The Latest: Cindy causes flooding along Alabama coast 
http://start.att.net/news/read/arti...st_cindy_could_create_3foot_storm_surge_ne-ap
Lowland areas and buildings don`t mix ,they maybe beautiful but not safe.


----------



## Pessimistic2 (Jan 26, 2017)

*Another round coming....*



readytogo said:


> The Latest: Cindy causes flooding along Alabama coast
> http://start.att.net/news/read/arti...st_cindy_could_create_3foot_storm_surge_ne-ap
> Lowland areas and buildings don`t mix ,they maybe beautiful but not safe.


The Causeway between Mobile and Daphne is now under 2' of water, half of downtown Mobile has 6-8" of water standing, and there is another round of heavy storms moving ashore right now.

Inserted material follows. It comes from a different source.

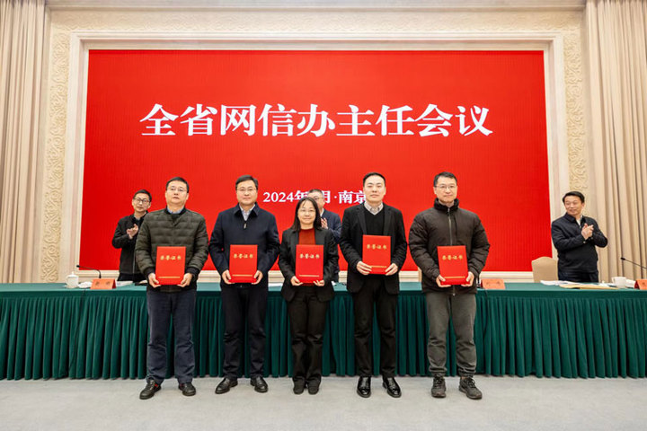 會議為2023年度全省網(wǎng)信工作創(chuàng)新案例和優(yōu)秀調(diào)研成果頒獎。國家安全中心江蘇分中心,南京、蘇州、常州、南通市委網(wǎng)信辦,省廣電總臺,徐工集團等7家單位負責人作交流發(fā)言。
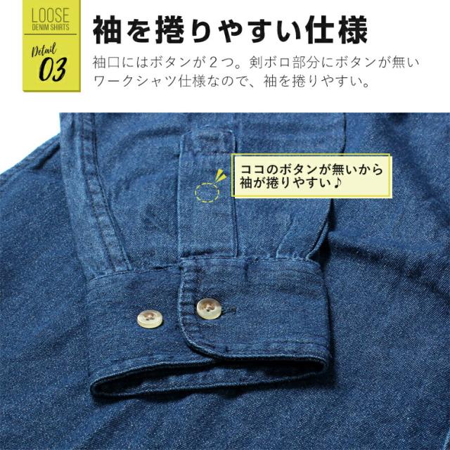 | 商品詳細 | シンプルなデニムシャツ。 普段着はもちろん、しっかりした生地なので作業着や、肌寒い日のジャケットとしても♪ 着回しもしやすいシンプルさが人気です。 |

Mobile County, AL, Harrison Count & Jackson County, MS (Biloxi-Bay St. Louis) are under severe weather alerts, flash flooding warnings, tornado watches, the whole nine yards. Cindy may be far off to the West, but WE'RE getting all the bad weather. Half of Bayou La Batre is now under 6-10" of water, several roads are closed.

Well, the heavy stuff has just moved in....raining buckets out right now!

http://wkrg.com/weather/southeast-radar/


----------